For example, a simple netCDF file with bounds would have the following ncdump output:

%  ncdump Fsst.cdf 
netcdf Fsst {
dimensions:
XAX = 4 ;
YAX = 4 ;
TIME = UNLIMITED ; // (1 currently)
variables:
double XAX(XAX) ;
XAX:units = "degrees_east" ;
XAX:modulo = " " ;
XAX:point_spacing = "even" ;
XAX:axis = "X" ;
double YAX(YAX) ;
YAX:units = "degrees_north" ;
YAX:point_spacing = "even" ;
YAX:axis = "Y" ;
double TIME(TIME) ;
TIME:units = "hour since 0000-01-01 00:00:00" ;
TIME:time_origin = "01-JAN-0000 00:00:00" ;
TIME:modulo = " " ;
TIME:axis = "T" ;
float SST(TIME, YAX, XAX) ;
SST:missing_value = -1.e+34f ;
SST:_FillValue = -1.e+34f ;
SST:long_name = "SEA SURFACE TEMPERATURE" ;
SST:history = "From coads_climatology" ;
SST:units = "Deg C" ;

// global attributes:
:history = "FERRET V6.08 29-Nov-07" ;
:Conventions = "CF-1.0" ;
:title = "Fsst.cdf" ;
data:

XAX = 181, 183, 185, 187 ;

YAX = 1, 3, 5, 7 ;

TIME = 366 ;

SST =
28.28389, 28.41474, 27.91529, 27.61643,
27.97333, 28.2525, 28.28312, 27.94364,
28.246, 28.06312, 28.41238, 28.1219,
27.89824, 28.10538, 27.72812, 27.64556 ;
}

The CF standard allows for axes in a file that may have discontiguous bounds (the upper bound of one cell is not the same as the lower bound of the next cell). Ferret does not allow such an axis. When discontiguous bounds are encountered in a file, we arbitrarily choose to use the lower bounds throughout, with the upper bound of the topmost cell to close the definition. This way all axes have contiguous upper and lower bounds. A warning message is issued.

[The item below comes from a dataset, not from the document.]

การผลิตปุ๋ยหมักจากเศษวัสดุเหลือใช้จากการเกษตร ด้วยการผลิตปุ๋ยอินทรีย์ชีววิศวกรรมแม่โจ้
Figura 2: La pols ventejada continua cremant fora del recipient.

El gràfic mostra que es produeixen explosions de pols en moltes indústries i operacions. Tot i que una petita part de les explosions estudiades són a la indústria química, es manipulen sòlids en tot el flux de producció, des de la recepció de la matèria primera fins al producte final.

DEFINE AXIS/BOUNDS may be used to create an axis with cell bounds. All irregular axes are saved with a bounds attribute (beginning with Ferret v5.70) and the user may request that all axes be written with the bounds attribute with the SAVE/BOUNDS command

Note that if you have a dataset that has an irregular time axis and a bounds attribute on that axis and you force Ferret to apply a regular time axis with

yes? USE/REGULART my_data.nc

then the bounds are ignored: the regular time axis is formed from the first and last coordinate and the number of points.


2.2.4 Multi-file NetCDF data sets

Ferret supports collections of netCDF files that are regarded as a single netCDF data set. Such data sets are referred to as "MC" (multi CDF) data sets. They are particularly useful to manage the outputs of numerical models. MC data sets use a descriptor file, in the style of TMAP-formatted data sets. The data set is referred to inside Ferret by the name of this descriptor file.

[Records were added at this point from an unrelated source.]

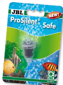
JBL ProSilent Safe Valvola di non ritorno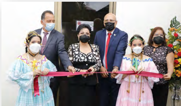
Laboratorio de Tecnología 4.0 en C.R. Veraguas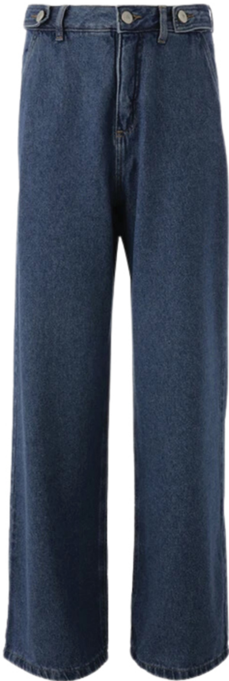
MISCI, R$ 880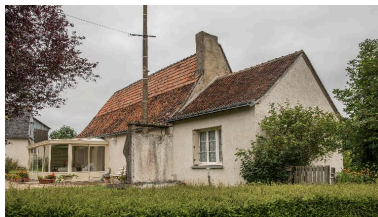
Maison ancienne et extension, de volume avec élévation sur cour.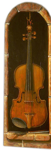
Lepäävä viulu III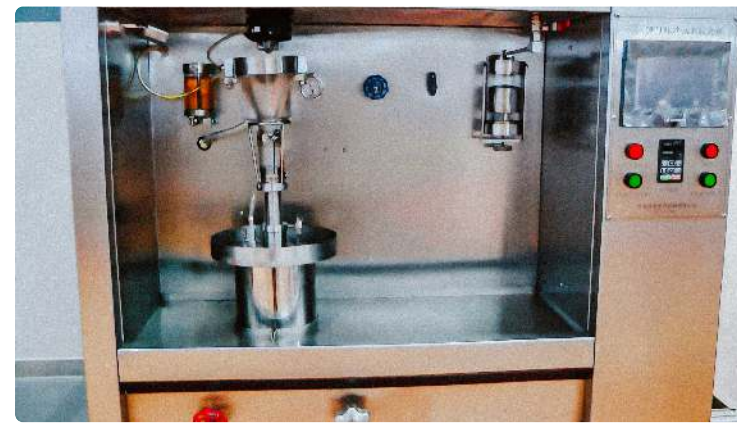
Peralatan untuk produksi kapsul gel dengan minyak dalam produksi obat-obatan Kemasan Farmasi · 23.09.2020 · 99.780K tampilan

A collection of netCDF files is suitable to form a multi-file data set if

1) The files are connected through their time axis—each file represents one or more time snapshots of the variables it contains.

2) All non-time-dependent variables in the data set must be contained in the first file of the data set (or those variables will not appear in the merged, MC, data set).

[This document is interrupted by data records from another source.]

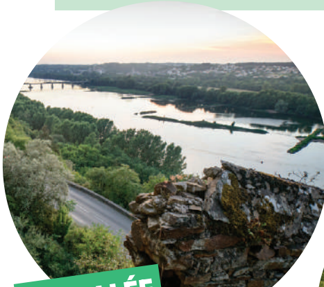
LA VALLÉE DE LA LOIRE

Keep cycling beyond Ancenis to Champtoceaux for a stunning view of the Loire River from the Champalud garden.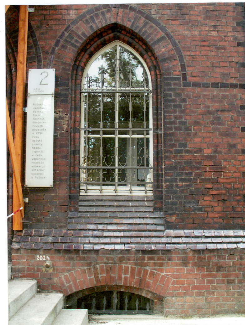
Fot. 5 Fasada – okno na parterze ryzalitu środkowego.

Miejsce przechowywania negatywów: AB OVO s. c. ul. Hoyera 6, 30-898 Kraków 12 GRU. 2007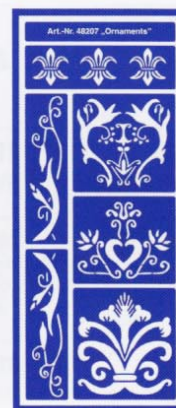
48207 Ornaments VE 6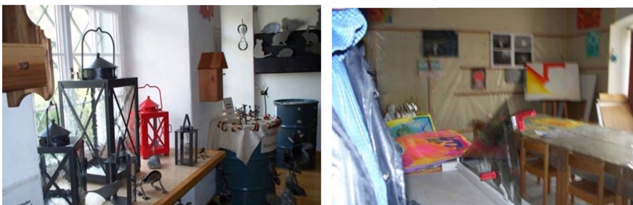
Рис. 4. Творческие мастерские

Молодежный Центр воспитательных мер в Калхрайне специализируется на сельскохозяйственных работах: животноводство, земледелие, садоводство, виноградарство, флористика, металлообработка, деревообработка, участок автосервиса. Особое внимание уделяется развитию творческих способностей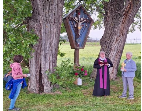
Text u. Bild: Monika Schrödl

Der Bittgang führte von Güntersdorf über Dietersdorf nach Ampertshausen. Dort wurde in der Kirche ein Schaueramt mit Pfr. Alexander Weber gefeiert. Anschließend setzten die Bittgänger die Prozession nach Aufham fort. An den Feldkreuzen wurde kurz Andacht gehalten.

Note that previous to version 5.2, each file is self-documenting with respect to the time axis of the variables—even if the time axis represents only a single point. (All of the time axes must be identically encoded with respect to units and date of the time origin.) In version 5.3 and higher these checks are not performed. This means that the MC descriptor mechanism can be used to associate into time series groups of files that are not internally self-documenting with respect to time. See Creating a Multi-File netCDF Data Set

Beginning with version 5.8 of Ferret the stepfiles may contain different scale and offset values for the variables they contain. See the section on Standardized NetCDF attributes. Ferret reads and applies the scale and offset values as data from each stepfile is read. Note that the commands

yes? SAY `var, RETURN=nc_offset`
yes? SAY `var, RETURN=nc_scale`

return the latest scale and offset value that were applied.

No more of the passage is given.